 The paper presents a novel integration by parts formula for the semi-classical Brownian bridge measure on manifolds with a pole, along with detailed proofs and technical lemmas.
*-*-*
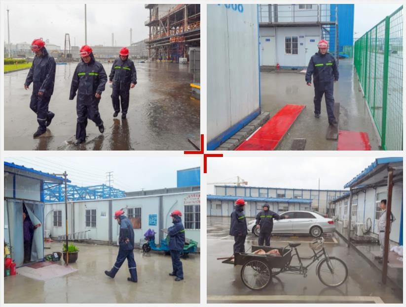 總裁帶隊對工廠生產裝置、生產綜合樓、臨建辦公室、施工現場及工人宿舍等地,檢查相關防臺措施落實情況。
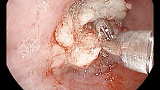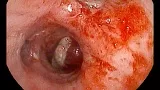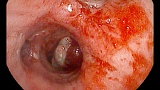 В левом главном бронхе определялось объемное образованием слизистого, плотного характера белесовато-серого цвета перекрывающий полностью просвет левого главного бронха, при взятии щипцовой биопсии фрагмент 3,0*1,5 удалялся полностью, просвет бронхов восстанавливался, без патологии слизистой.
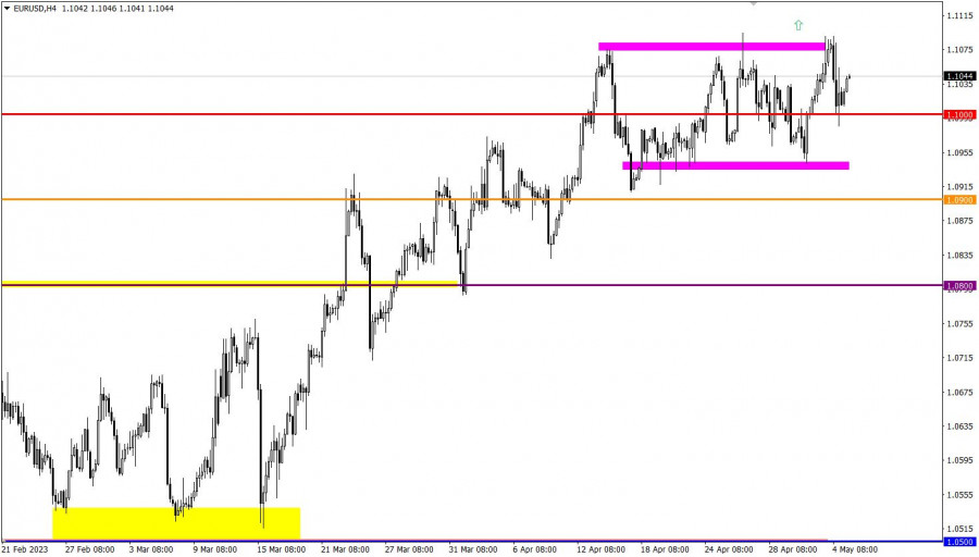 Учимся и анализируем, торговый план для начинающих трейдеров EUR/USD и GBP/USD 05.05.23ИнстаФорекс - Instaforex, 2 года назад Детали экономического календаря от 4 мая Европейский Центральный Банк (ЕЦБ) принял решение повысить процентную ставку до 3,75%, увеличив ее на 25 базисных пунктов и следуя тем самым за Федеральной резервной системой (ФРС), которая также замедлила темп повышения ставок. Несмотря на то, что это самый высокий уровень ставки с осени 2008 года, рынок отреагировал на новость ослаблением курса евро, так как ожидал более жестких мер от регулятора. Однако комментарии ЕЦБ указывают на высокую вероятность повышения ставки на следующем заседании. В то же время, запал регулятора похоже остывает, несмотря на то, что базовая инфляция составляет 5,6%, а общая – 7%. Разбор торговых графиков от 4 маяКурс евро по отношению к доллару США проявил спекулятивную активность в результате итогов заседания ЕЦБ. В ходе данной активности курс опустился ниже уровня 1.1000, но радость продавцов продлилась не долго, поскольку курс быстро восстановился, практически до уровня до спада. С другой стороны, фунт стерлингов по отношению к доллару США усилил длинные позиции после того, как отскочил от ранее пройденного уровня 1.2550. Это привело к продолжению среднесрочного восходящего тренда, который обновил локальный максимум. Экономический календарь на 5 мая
*-*-*
**Task to complete**
Leaving out each picture, repeat exactly the lines above from the one that contains "總裁帶隊對工廠生產裝置、生產" through the one that contains "Учимся и анализируем, торговый".

**Exercise solution**
 總裁帶隊對工廠生產裝置、生產綜合樓、臨建辦公室、施工現場及工人宿舍等地,檢查相關防臺措施落實情況。
 В левом главном бронхе определялось объемное образованием слизистого, плотного характера белесовато-серого цвета перекрывающий полностью просвет левого главного бронха, при взятии щипцовой биопсии фрагмент 3,0*1,5 удалялся полностью, просвет бронхов восстанавливался, без патологии слизистой.
 Учимся и анализируем, торговый план для начинающих трейдеров EUR/USD и GBP/USD 05.05.23ИнстаФорекс - Instaforex, 2 года назад Детали экономического календаря от 4 мая Европейский Центральный Банк (ЕЦБ) принял решение повысить процентную ставку до 3,75%, увеличив ее на 25 базисных пунктов и следуя тем самым за Федеральной резервной системой (ФРС), которая также замедлила темп повышения ставок. Несмотря на то, что это самый высокий уровень ставки с осени 2008 года, рынок отреагировал на новость ослаблением курса евро, так как ожидал более жестких мер от регулятора. Однако комментарии ЕЦБ указывают на высокую вероятность повышения ставки на следующем заседании. В то же время, запал регулятора похоже остывает, несмотря на то, что базовая инфляция составляет 5,6%, а общая – 7%. Разбор торговых графиков от 4 маяКурс евро по отношению к доллару США проявил спекулятивную активность в результате итогов заседания ЕЦБ. В ходе данной активности курс опустился ниже уровня 1.1000, но радость продавцов продлилась не долго, поскольку курс быстро восстановился, практически до уровня до спада. С другой стороны, фунт стерлингов по отношению к доллару США усилил длинные позиции после того, как отскочил от ранее пройденного уровня 1.2550. Это привело к продолжению среднесрочного восходящего тренда, который обновил локальный максимум. Экономический календарь на 5 мая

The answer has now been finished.